When you produce the `[ENRICHED-PROMPT-START]...[ENRICHED-PROMPT-END]` markup in your response, the **`auto-store-enrichment.js` Stop hook** automatically:
1. Detects the marker pair in your output
2. Parses the structured fields (RAW, CATEGORY, TECHNIQUES, INSTRUCTIONS, etc.)
3. Calls `node ~/.claude/scripts/prompt-pattern-store.js store ...` with the parsed values
4. Writes to `~/.claude/prompt-patterns.json` (the canonical local store)

This means: **showing the enriched prompt with proper markup IS the storage trigger.** You don't need to call the CLI manually.

The CLI handles approval-count incrementing: similar prompts (≥0.6 Jaccard similarity) merge into one entry; the count bumps automatically across sessions.

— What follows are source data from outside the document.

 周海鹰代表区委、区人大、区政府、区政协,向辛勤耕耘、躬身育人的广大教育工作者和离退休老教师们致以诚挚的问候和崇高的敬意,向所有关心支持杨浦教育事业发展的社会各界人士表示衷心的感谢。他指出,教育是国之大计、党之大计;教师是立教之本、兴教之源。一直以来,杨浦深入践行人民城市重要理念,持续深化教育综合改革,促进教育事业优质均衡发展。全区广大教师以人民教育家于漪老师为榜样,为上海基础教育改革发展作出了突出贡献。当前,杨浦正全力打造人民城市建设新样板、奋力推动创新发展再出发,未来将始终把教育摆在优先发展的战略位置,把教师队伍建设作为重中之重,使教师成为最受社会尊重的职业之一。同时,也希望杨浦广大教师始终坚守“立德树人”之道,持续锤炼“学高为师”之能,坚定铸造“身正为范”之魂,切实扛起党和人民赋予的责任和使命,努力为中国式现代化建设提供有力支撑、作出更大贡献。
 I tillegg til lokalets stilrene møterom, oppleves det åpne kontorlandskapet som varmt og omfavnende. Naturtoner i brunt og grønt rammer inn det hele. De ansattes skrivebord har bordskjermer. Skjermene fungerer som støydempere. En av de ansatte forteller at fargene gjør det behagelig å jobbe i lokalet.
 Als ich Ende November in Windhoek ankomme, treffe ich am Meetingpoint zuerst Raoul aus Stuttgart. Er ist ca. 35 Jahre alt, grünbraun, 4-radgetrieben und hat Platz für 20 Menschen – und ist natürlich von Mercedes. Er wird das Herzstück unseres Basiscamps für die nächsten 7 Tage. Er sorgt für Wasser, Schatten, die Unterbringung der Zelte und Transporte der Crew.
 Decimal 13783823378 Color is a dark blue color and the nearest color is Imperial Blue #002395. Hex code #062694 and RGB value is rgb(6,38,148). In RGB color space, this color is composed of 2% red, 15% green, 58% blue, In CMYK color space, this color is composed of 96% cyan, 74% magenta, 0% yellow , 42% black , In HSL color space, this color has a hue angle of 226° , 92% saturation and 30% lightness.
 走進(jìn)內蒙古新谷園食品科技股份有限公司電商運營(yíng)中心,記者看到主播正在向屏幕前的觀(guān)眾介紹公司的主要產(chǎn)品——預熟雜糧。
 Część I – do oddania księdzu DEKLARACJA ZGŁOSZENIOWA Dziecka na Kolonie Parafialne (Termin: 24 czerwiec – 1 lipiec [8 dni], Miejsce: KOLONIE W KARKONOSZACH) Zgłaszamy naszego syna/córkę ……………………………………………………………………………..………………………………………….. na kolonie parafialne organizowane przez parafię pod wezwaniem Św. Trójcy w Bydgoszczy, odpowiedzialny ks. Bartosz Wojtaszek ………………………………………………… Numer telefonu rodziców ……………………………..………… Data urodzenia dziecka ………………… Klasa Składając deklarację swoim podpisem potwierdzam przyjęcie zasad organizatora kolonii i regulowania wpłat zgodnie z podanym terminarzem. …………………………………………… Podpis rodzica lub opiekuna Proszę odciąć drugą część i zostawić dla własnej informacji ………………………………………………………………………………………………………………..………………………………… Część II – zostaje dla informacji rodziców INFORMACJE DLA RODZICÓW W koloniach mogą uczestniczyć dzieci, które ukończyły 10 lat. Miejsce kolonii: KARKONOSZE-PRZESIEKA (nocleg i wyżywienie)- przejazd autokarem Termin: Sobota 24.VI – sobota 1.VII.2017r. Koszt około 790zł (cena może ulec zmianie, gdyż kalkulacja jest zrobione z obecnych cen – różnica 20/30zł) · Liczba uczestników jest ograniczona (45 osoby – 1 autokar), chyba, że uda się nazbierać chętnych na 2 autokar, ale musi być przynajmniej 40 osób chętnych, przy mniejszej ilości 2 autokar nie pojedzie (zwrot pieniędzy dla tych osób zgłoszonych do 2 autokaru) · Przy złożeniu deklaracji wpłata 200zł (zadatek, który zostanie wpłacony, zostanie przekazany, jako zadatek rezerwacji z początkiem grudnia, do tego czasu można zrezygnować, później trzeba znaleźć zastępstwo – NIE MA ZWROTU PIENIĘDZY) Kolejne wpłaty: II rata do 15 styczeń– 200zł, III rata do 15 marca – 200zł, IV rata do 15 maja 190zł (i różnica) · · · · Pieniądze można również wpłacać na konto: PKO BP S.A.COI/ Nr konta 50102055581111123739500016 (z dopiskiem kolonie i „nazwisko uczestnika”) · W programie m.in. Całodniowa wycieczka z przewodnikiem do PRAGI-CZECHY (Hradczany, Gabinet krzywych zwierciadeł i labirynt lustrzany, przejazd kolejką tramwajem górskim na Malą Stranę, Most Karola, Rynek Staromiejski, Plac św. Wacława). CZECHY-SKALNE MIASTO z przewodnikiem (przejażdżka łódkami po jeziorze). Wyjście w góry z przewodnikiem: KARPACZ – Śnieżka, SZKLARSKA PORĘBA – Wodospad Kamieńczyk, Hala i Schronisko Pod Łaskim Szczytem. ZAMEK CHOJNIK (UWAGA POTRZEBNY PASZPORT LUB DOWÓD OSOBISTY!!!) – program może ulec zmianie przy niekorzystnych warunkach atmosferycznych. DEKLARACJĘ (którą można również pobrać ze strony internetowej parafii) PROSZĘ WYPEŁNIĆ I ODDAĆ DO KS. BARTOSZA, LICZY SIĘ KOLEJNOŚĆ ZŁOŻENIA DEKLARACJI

**Optional**: if MemPalace MCP is available, you can also call `mcp__mempalace__store_memory` for cross-machine semantic search — but the local JSON is the source of truth.

## Step 6: Execute

Run the enriched prompt through the normal Claude workflow:
- If the task maps to an existing agent (planner, code-reviewer, etc.), delegate with the enriched prompt
- If it's direct work, proceed with the structured context
- The enriched prompt becomes the working context — not the raw input

## Confidence Tiers

The system gains independence through approval accumulation:

| Tier | Approval Count | Behavior |
|------|---------------|----------|
| **Learning** | 0 | Full enrichment shown, must approve |
| **Familiar** | 1–2 | Enrichment shown with "Looks right?" confirmation |
| **Trusted** | 3–4 | One-line summary shown, auto-proceeds after 3s |
| **Independent** | 5+ | Silent enrichment, no confirmation needed |

User can always override: "show me the prompt" forces full display regardless of tier.

## Example

**Raw prompt**: "fix the login"

**Enriched prompt**:
- **Instructions**: Debug and fix the login authentication flow. Use chain-of-thought reasoning to trace the failure path. Do NOT modify the OAuth provider configuration or change the session storage mechanism.
- **Context**: Project uses Auth.js v5 with GitHub OAuth. Auth config is at `src/lib/auth.ts`. Session management uses JWT strategy. Recent MEMORY.md notes mention a redirect loop issue after OAuth callback.
- **Input**: `src/lib/auth.ts`, `src/app/api/auth/[...nextauth]/route.ts`, `src/middleware.ts`, browser console errors if available.
- **Output**: Fixed authentication code with explanation of root cause. Include test for the fix. Preserve backward compatibility with existing sessions.